Restate the listing below word for word, omitting any images.

### [Exercise data]
┌────────
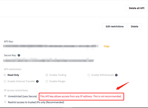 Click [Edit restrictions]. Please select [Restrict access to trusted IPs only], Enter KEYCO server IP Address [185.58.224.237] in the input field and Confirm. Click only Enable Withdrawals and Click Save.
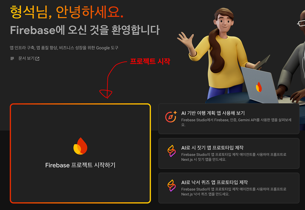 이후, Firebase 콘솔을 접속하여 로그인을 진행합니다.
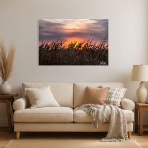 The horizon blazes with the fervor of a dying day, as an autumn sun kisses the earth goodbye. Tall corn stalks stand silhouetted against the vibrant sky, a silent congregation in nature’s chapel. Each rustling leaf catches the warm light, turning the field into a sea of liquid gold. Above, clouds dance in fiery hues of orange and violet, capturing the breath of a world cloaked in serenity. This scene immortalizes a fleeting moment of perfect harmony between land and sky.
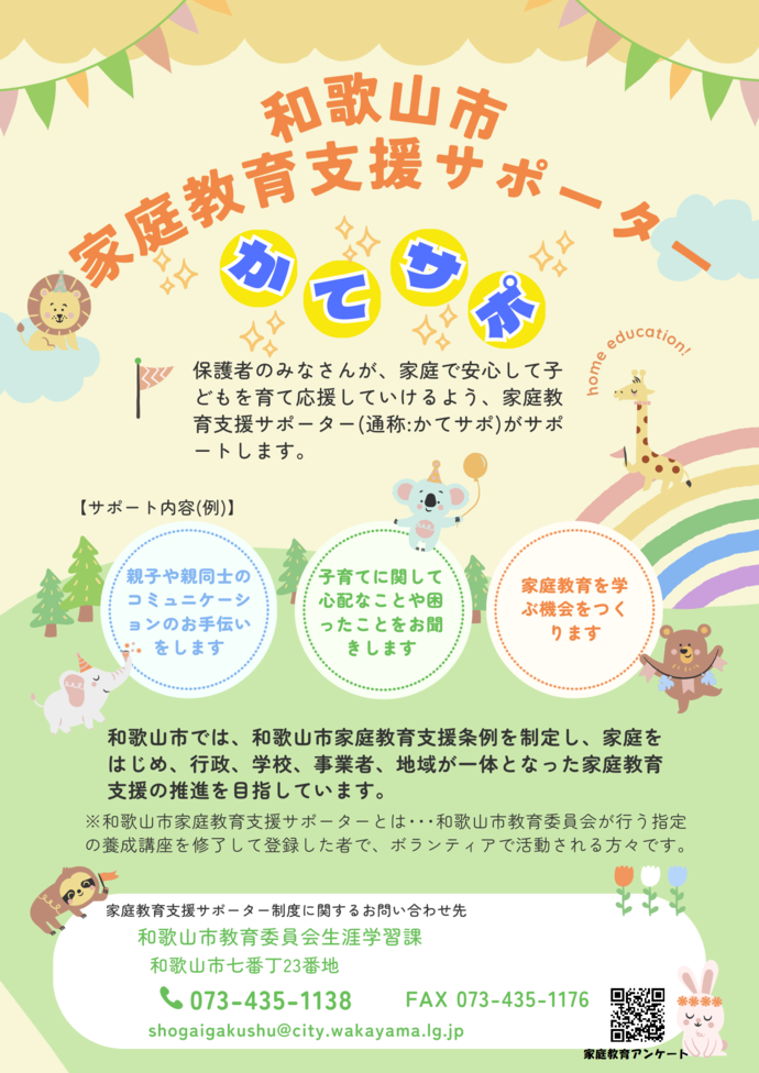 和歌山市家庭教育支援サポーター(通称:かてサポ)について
└────────
### [Reply]
 Click [Edit restrictions]. Please select [Restrict access to trusted IPs only], Enter KEYCO server IP Address [185.58.224.237] in the input field and Confirm. Click only Enable Withdrawals and Click Save.
 이후, Firebase 콘솔을 접속하여 로그인을 진행합니다.
 The horizon blazes with the fervor of a dying day, as an autumn sun kisses the earth goodbye. Tall corn stalks stand silhouetted against the vibrant sky, a silent congregation in nature’s chapel. Each rustling leaf catches the warm light, turning the field into a sea of liquid gold. Above, clouds dance in fiery hues of orange and violet, capturing the breath of a world cloaked in serenity. This scene immortalizes a fleeting moment of perfect harmony between land and sky.
 和歌山市家庭教育支援サポーター(通称:かてサポ)について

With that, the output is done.